ISIS Is at Least Twice as Big as We First Thought It Was

Shiite militiamen north of Baghdad, Iraq, hold the flag of the Islamic State group they captured. Shiite militiamen north of Baghdad, Iraq, hold the flag of the Islamic State group they captured. AP

As the United States prepares to step up its campaign against ISIS, a new CIA report shows the radical Sunni group has at least double (and possibly triple) the number of fighters in its ranks than had previously been speculated.

The new CIA intelligence assessment was released late on Thursday, based on information culled from various reports across the summer. As the AP reports, the new assessment "estimates that the Islamic State group can muster between 20,000 and 31,500 fighters across Iraq and Syria, up from a previous figure of 10,000."

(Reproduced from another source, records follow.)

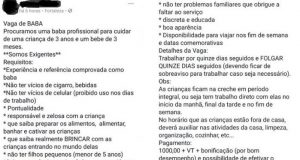 Mulher busca ‘babá magra para caber no carro’, em anúncio de emprego
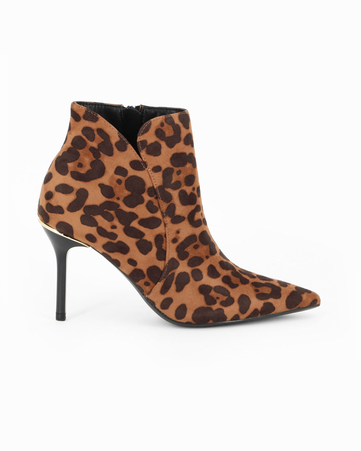 MISS GLOBO - Tronchetto leopardato scamosciato a punta con zip laterale, tacco 8,5CM
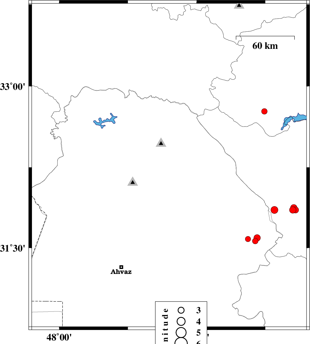 | 2007/09/10 | 07:38:14.1 | 11:08:14.1 | 32 | 48.81 | 10 | ML3.2 | 6 km Shushtar, Khoozestan Province |
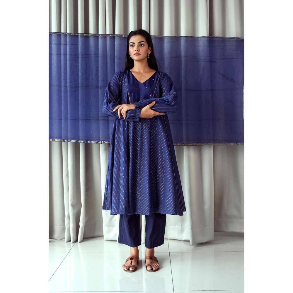 Taro India Blue & Gold Anarkali Kurta (Set of 3)

Writing in the New Republic, Graeme Wood compellingly classifies the three different types of ISIS fighters, including a cooperative of Western poseurs (Psychopaths) and committed zealots (True Believers). If there's any silver lining to be had, it's that what Wood calls the largest contingent of ISIS fighters doesn't seem particularly committed to the cause.

Call them the Sunni Pragmatists. These people include Iraqi tribal sheikhs, whose allegiance to ISIS originates not in a cultish death wish but in a desire to win security and well-being, and who seem to be using the Psychopaths and the True Believers as convenient allies. From ISIS, the Pragmatists get a way to punish Baghdad for its long neglect of Sunni regions."

Nevertheless, that new number is certainly alarming.